/ 19 November 2008

Zim’s MDC says it has not seen amendment on PM’s post

Zimbabwe’s Movement for Democratic Change (MDC) said on Wednesday it had not seen a proposed constitutional amendment that would create a post of prime minister, earmarked for the party’s leader under a unity accord.

Under the power-sharing deal signed more than two months ago, opposition leader Morgan Tsvangirai would become prime minister while veteran ruler Robert Mugabe would remain as president.

The government announced late on Tuesday it had drafted a text for what would be Zimbabwe’s 19th constitutional amendment, setting out the powers of the new prime minister.

But Tendai Biti, the secretary general of Tsvangirai’s MDC, said the party had not seen the amendment.

”We have not seen the draft constitutional amendment number 19,” Biti said.

”We don’t have it. Even if they say constitutional amendment number 19 is complete, there are a number of issues which are still outstanding,” he said. They included disputes over how the parties would divide control of powerful Cabinet posts.

Information Minister Sikanyiso Ndlovu said on Tuesday the amendment had been sent to former South African president Thabo Mbeki, who has mediated in Zimbabwe’s stand-off.

In the government mouthpiece Herald newspaper on Wednesday, Ndlovu claimed the Bill had received ”scrutiny by the parties concerned”.

Once the Bill had been published, he said, it would undergo a 30-day public review period.

Mugabe would only appoint a Cabinet after the public review, he added. The new legal affairs minister would steer the Bill through parliament, which is now controlled by the MDC.

”The Bill cannot be done right away without a Cabinet, it cannot go to Parliament if it’s not approved by Cabinet,” added Ndlovu.

The MDC wrestled control of Parliament from Mugabe’s Zanu-PF party for the first time in general elections in March.

Although Tsvangirai won the presidential election’s first round in March, he boycotted the June run-off, citing state-sponsored violence against his supporters.

The two sides are locked in a stand-off over the allocation of key ministries including home affairs, which controls the police.

Food aid
Meanwhile, the World Food Programme (WFP) said on Wednesday that it has signed a new food aid deal to allow the UN agency to provide 350 000 tonnes of grain to millions in the strife-torn country.

”The agreement is part of our long-standing partnership with the government of Zimbabwe.
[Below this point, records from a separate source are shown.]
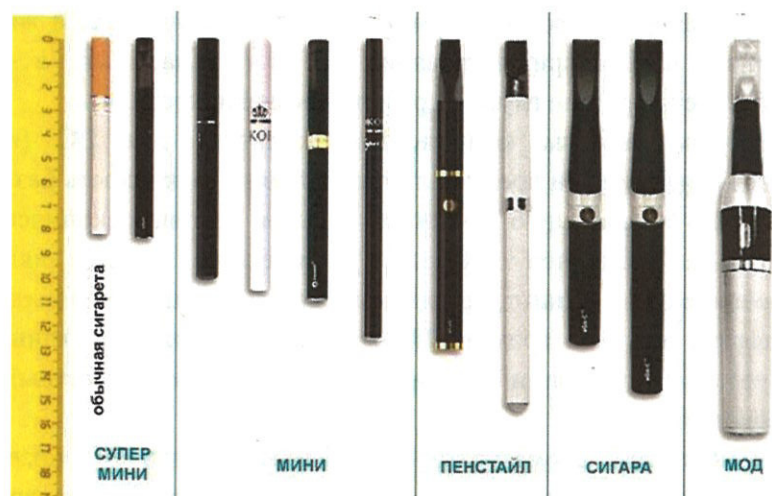
Рис.4. Типы и размеры электронных сигарет

Электронные сигареты (вейпы) классифицируются также по типу и размеру (рис.4) в соответствии с длиной (от 82 мм до 175 мм).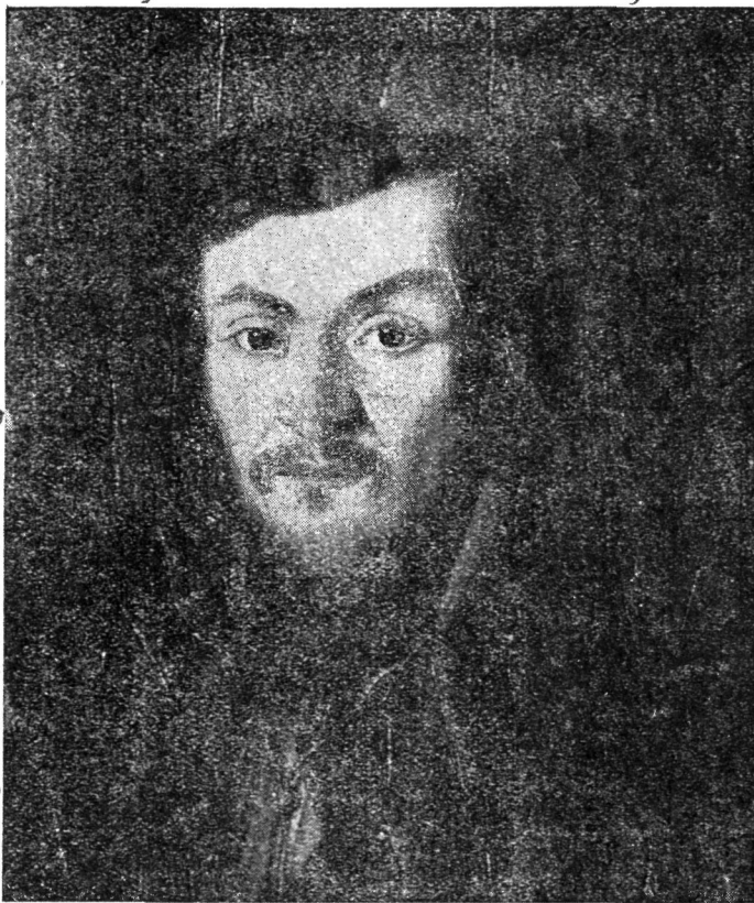
Constantin Dăniel, pictor bănățean (1798—1873) . . . Portret

COPERTA: Portret de bărbat, de pictorul bănățean . . . Constantin Dăniel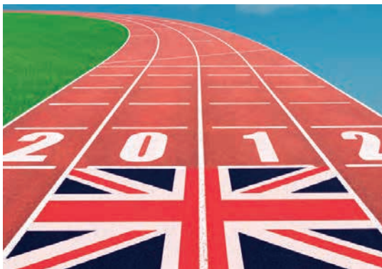
134 Alter ego: Българската слега на олимпиадата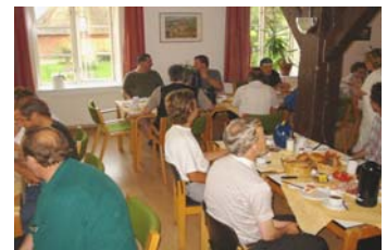
Das Geburtstagsfrühstück ist eine, bei Bewohnern und Mitarbeitern, beliebte Tradition geworden. Es wird auch von ehemaligen Bewohnern genutzt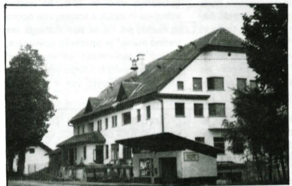
Poslovna in stanovanjska zgradba septembra 1991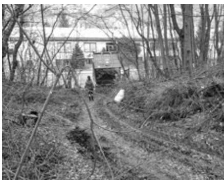
Les u Araveru před jarním úklidem

It runs until April 2010,” said WFP spokesperson Richard Lee.

The $500-million agreement will provide food relief to poverty-stricken Zimbabweans over the next two years.

WFP’s representative in Zimbabwe, Bahre Gessesse, said in the state media that two thirds of the 350 000 tonnes had already been secured and was being distributed.

”In October alone, we reached two million people and we expect to reach out to 2,5-million people in November, and the number is expected to rise,” Gessesse said in the Herald.

The WFP estimates that in January about five million people will need emergency food aid — nearly half the population.

In June, President Robert Mugabe’s government attracted widespread condemnation after it suspended the operations of aid agencies. He accused them of using food to direct people to vote for the opposition in the March 29 general elections.